Perplexity CEO Aravind Srinivas responds to plagiarism and infringement accusations
Recent reports raise questions about how the answer engine works, including its use of third-party content crawlers.
The AI search startup Perplexity is in hot water in the wake of a Wired investigation revealing that the startup has been crawling content from websites that don’t want to be crawled.
Perplexity’s “answer engine” works by crawling large swaths of information on the web and then creating a big database (an index) of content it grabs from web pages. Instead of typing keywords into a search box, users type or speak questions into Perplexity’s web portal or mobile apps, and receive a narrative answer with citations and links to the web content it draws upon.
Websites can use something called a Robots Exclusion Protocol to keep their content away from web crawlers, which bots are supposed to honor, though compliance is voluntary. Wired, along with an independent researcher, says it has proof that Perplexity has been ignoring those codes and scraping content from off-limits sites anyway.

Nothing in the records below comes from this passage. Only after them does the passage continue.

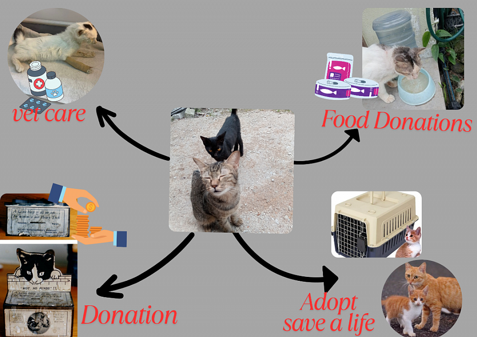 Kindly donate items to the cats. Cat food,cat litter, cleaning supply and other.
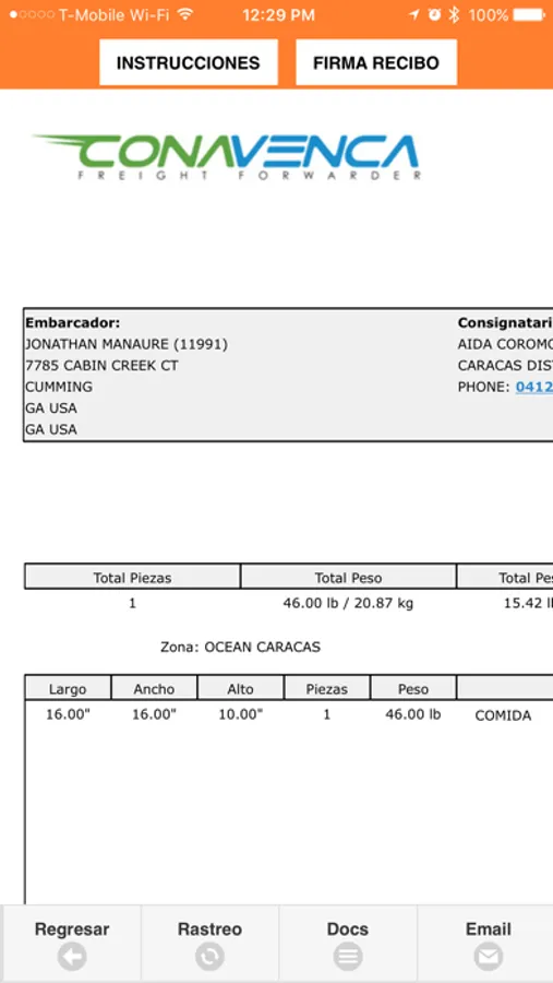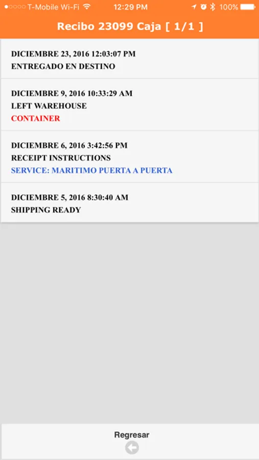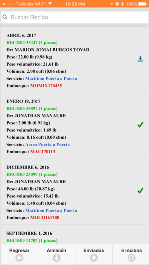 * Búsqueda de Recibos por Número de Recibo y/o Rastreo (Tracking).
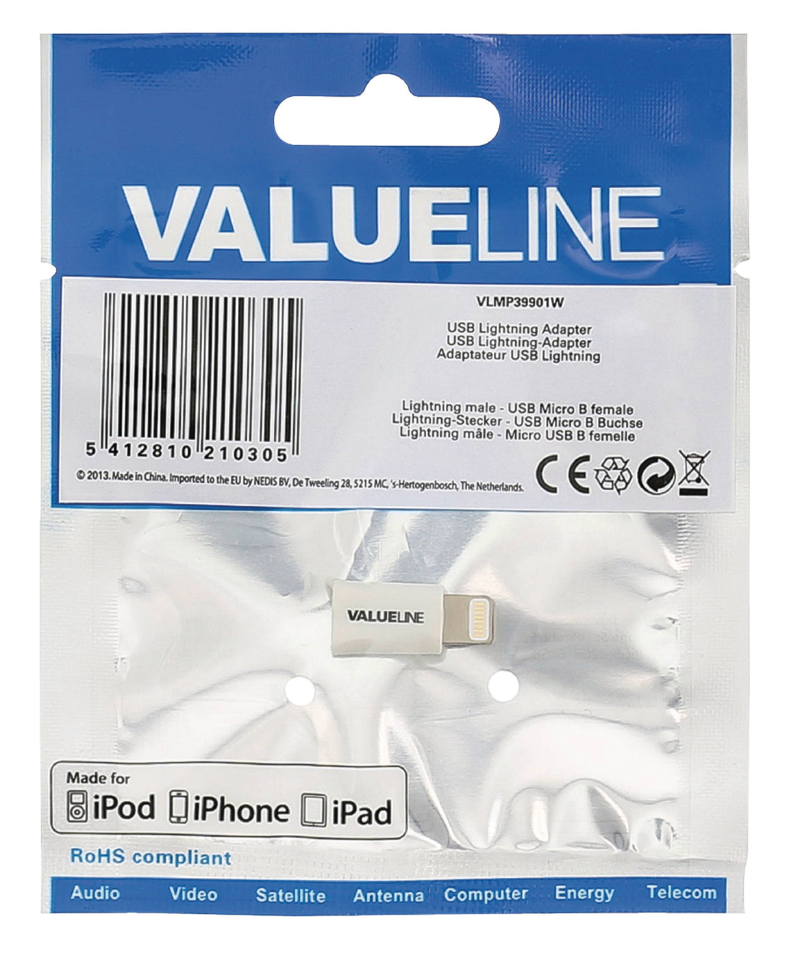 Placare Nichel. Compatibil: Apple Conector: Apple Conector: USB micro Marca: Valueline

“Perplexity is not ignoring the Robot Exclusions Protocol and then lying about it,” said Perplexity cofounder and CEO Aravind Srinivas in a phone interview Friday. “I think there is a basic misunderstanding of the way this works,” Srinivas said. “We don’t just rely on our own web crawlers, we rely on third-party web crawlers as well.”
Srinivas said the mysterious web crawler that Wired identified was not owned by Perplexity, but by a third-party provider of web crawling and indexing services. Srinivas would not say the name of the third-party provider, citing a Nondisclosure Agreement. Asked if Perplexity immediately called the third-parter crawler to tell them to stop crawling Wired content, Srinivas was non-committal. “It’s complicated,” he said.
Srinivas also noted that the Robot Exclusion Protocol, which was first proposed in 1994, is “not a legal framework.” He suggested that the emergence of AI requires a new kind of working relationship between content creators, or publishers, and sites like his.
Wired also claims that it was able to get the Perplexity answer engine to closely paraphrase Wired articles by prompting the tool with the headlines or substance of Wired articles. At times Perplexity even paraphrased the Wired stories incorrectly. In one case, the Perplexity “answer” falsely claimed that a California police officer had committed a crime.
Srinivas suggested that Wired used prompts designed to get the Perplexity tool to behave that way, and that normal users wouldn’t see those kinds of results. “We have never said that we have never hallucinated,” he added.
Earlier in June, Forbes accused Perplexity of stealing its content. Perplexity had released a new product called “Pages” in May that lets a user create an article or blog post based on a series of questions they’ve asked the answer engine, or based on a single prompt on a specific subject. Users can add AI-generated or uploaded images, then tweak the text or add formatting before publishing to the web. One of Perplexity’s own Pages used content from a Forbes scoop but didn’t credit the publisher. Perplexity even created an AI-voiced podcast based on the Forbes reporting, but again didn’t credit the site.
Being fastidious about citing sources has been one of the Perplexity’s core principles since launch—which made the potential omission of citations in the Pages product even more glaring. Srinivas told Fast Company that after Forbes raised the issue, his company immediately pushed out an update to Pages that puts attributions within the text of the generated article.
Srinivas frequently says that his product will only be good as the internet ecosystem that it draws from. “We are happy creating a less-market cap, lower-margin business, as long as we are profitable and successful—and [we] make sure that the whole internet wins,” he told the audience at a Fast Company’s Most Innovative Companies Gala in May. “Perplexity would be useless if people were not able to create new content on the web.”
He has said that the company is now working on ‘revenue-sharing’ agreements with selected publishers. The publishers have not been named, so no telling if Conde Nast (Wired’s owner) or Forbes is involved in the initiative. The content crawling and indexing issues that Wired turned up could force the company to accelerate its plans to cut fair deals with publishers.
Despite publishers’ wariness, there’s still a lot of good will for Perplexity, which is taking on the unenviable task of challenging Google with a new kind of search. But it can’t afford to squander much more of it.